──────── Material for the task ────────
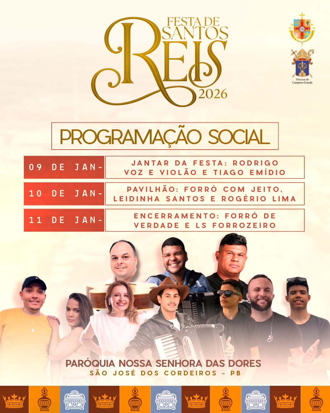 A tradicional Festa de Santos Reis 2026 já tem programação social definida e promete movimentar a cidade de São José dos Cordeiros entre os dias 9 e 11 de janeiro, reunindo música, cultura e confraternização popular.
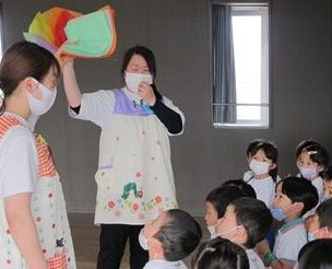 「トマト手裏剣だー!」とおいしそうな手裏剣に「パクッ!」と食べるしぐさをしたり。とってもかわいい姿に思わず笑ってしまった先生達でした。
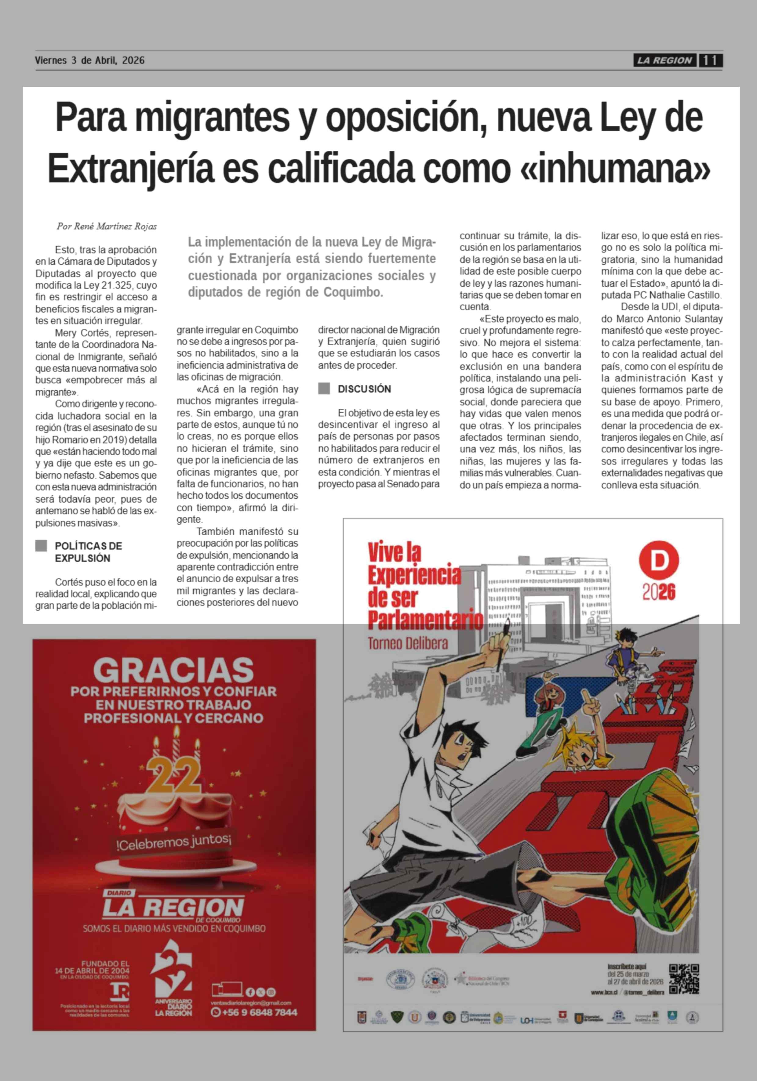 Fuente: Diario la Región (Diario la Región) Página(s): 11
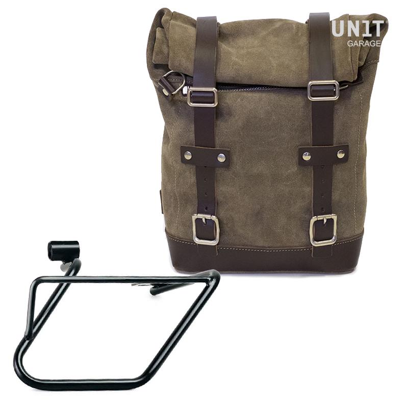 用蜡处理,使其防水。注重最小的细节,采用 3 毫米皮革饰面,简单而纯粹,就像它所用的材料一样。它可以快速连接到我们的包架框架,快速释放系统应用于包的背面,包的背面配有锁定锁。它可以包含一个 15 英寸的笔记本电脑,它配备了一个大的拉链口袋,用于存放电话和文件。
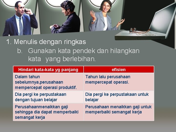 1. Menulis dengan ringkas b. Gunakan kata pendek dan hilangkan kata yang berlebihan. Hindari kata-kata yg panjang efisien Dalam tahun sebelumnya, perusahaan mempercepat operasi produktif. Tahun lalu perusahaan mempercepat operasi. Dia pergi ke perpustakaan dengan tujuan belajar Dia pergi ke perpustakaan untuk belajar Perusahaanmenaikkan gaji sehingga dia dapat memperbaiki semangat kerja Perusahaan menaikkan gaji untuk memperbaiki semangat kerja
────────
Your instructions:
Every entry above needs to be copied exactly, apart from its pictures.

Output below:
 A tradicional Festa de Santos Reis 2026 já tem programação social definida e promete movimentar a cidade de São José dos Cordeiros entre os dias 9 e 11 de janeiro, reunindo música, cultura e confraternização popular.
 「トマト手裏剣だー!」とおいしそうな手裏剣に「パクッ!」と食べるしぐさをしたり。とってもかわいい姿に思わず笑ってしまった先生達でした。
 Fuente: Diario la Región (Diario la Región) Página(s): 11
 用蜡处理,使其防水。注重最小的细节,采用 3 毫米皮革饰面,简单而纯粹,就像它所用的材料一样。它可以快速连接到我们的包架框架,快速释放系统应用于包的背面,包的背面配有锁定锁。它可以包含一个 15 英寸的笔记本电脑,它配备了一个大的拉链口袋,用于存放电话和文件。
 1. Menulis dengan ringkas b. Gunakan kata pendek dan hilangkan kata yang berlebihan. Hindari kata-kata yg panjang efisien Dalam tahun sebelumnya, perusahaan mempercepat operasi produktif. Tahun lalu perusahaan mempercepat operasi. Dia pergi ke perpustakaan dengan tujuan belajar Dia pergi ke perpustakaan untuk belajar Perusahaanmenaikkan gaji sehingga dia dapat memperbaiki semangat kerja Perusahaan menaikkan gaji untuk memperbaiki semangat kerja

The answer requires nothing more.